*** Opening of Exercise material ***
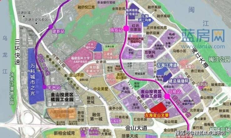 左海·金山文翠位于福州市仓山区建新北路与金达路交叉口东侧用地面积约40.15亩,邻近地铁5号线马榕站地铁口。
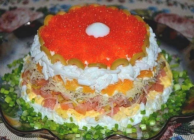 - Натрите сыр и добавьте майонез, выложите слой. Далее выкладывайте апельсин. Посыпайте белками яйца. Посолите и поперчите. Украшайте икрой, оливками. Поставьте настаиваться на несколько часов в холодильник.
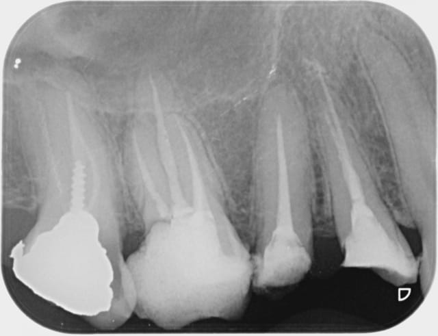 Ton matériau d'obturation est confiné dans l'endodonte, je ne vois pas de dépassement de gutta, tes cones sont bien ajustés, je ne vois pas de déchirement apical.
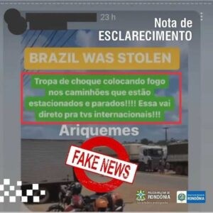 Em momento algum houve por parte de policiais militares ateamento de fogo em caminhões. A Polícia Militar de Rondônia preza pelo cumprimento das legislações em vigor.
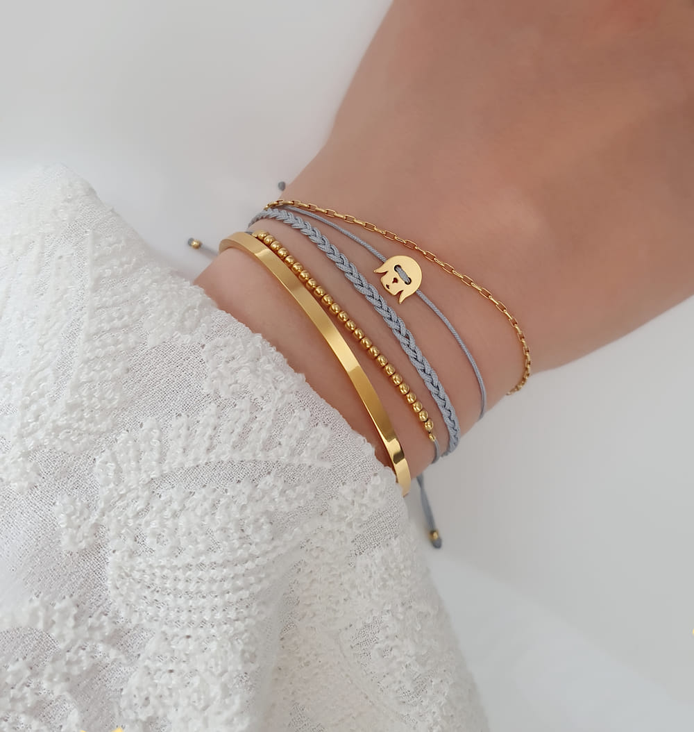 Ein zartes Textilarmband in Grau mit einem Hund Symbol aus 925 Silber vergoldet.
*** Close of Exercise material ***
The expected answer is the complete set of entries, copied verbatim, with no pictures.

 左海·金山文翠位于福州市仓山区建新北路与金达路交叉口东侧用地面积约40.15亩,邻近地铁5号线马榕站地铁口。
 - Натрите сыр и добавьте майонез, выложите слой. Далее выкладывайте апельсин. Посыпайте белками яйца. Посолите и поперчите. Украшайте икрой, оливками. Поставьте настаиваться на несколько часов в холодильник.
 Ton matériau d'obturation est confiné dans l'endodonte, je ne vois pas de dépassement de gutta, tes cones sont bien ajustés, je ne vois pas de déchirement apical.
 Em momento algum houve por parte de policiais militares ateamento de fogo em caminhões. A Polícia Militar de Rondônia preza pelo cumprimento das legislações em vigor.
 Ein zartes Textilarmband in Grau mit einem Hund Symbol aus 925 Silber vergoldet.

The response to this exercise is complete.